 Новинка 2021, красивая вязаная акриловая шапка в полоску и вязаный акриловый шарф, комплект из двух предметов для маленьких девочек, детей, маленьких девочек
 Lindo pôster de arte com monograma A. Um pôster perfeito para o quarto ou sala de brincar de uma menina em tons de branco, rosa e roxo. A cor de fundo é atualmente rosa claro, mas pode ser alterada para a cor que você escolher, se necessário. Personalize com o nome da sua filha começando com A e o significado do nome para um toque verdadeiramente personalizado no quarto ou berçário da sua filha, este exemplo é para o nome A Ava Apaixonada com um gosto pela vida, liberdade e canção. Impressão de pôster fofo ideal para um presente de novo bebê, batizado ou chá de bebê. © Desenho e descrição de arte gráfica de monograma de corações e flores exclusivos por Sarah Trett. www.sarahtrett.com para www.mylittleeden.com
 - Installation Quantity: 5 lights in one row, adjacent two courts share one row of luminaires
--
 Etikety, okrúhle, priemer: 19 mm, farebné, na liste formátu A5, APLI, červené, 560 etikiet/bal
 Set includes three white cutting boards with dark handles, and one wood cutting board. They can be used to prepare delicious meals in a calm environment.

What the task asks>
Of the entries above, repeat exactly the lines between the line with "Etikety, okrúhle, priemer: 19" and the line with "Set includes three", inclusive, and no others.

Written solution>
 Etikety, okrúhle, priemer: 19 mm, farebné, na liste formátu A5, APLI, červené, 560 etikiet/bal
 Set includes three white cutting boards with dark handles, and one wood cutting board. They can be used to prepare delicious meals in a calm environment.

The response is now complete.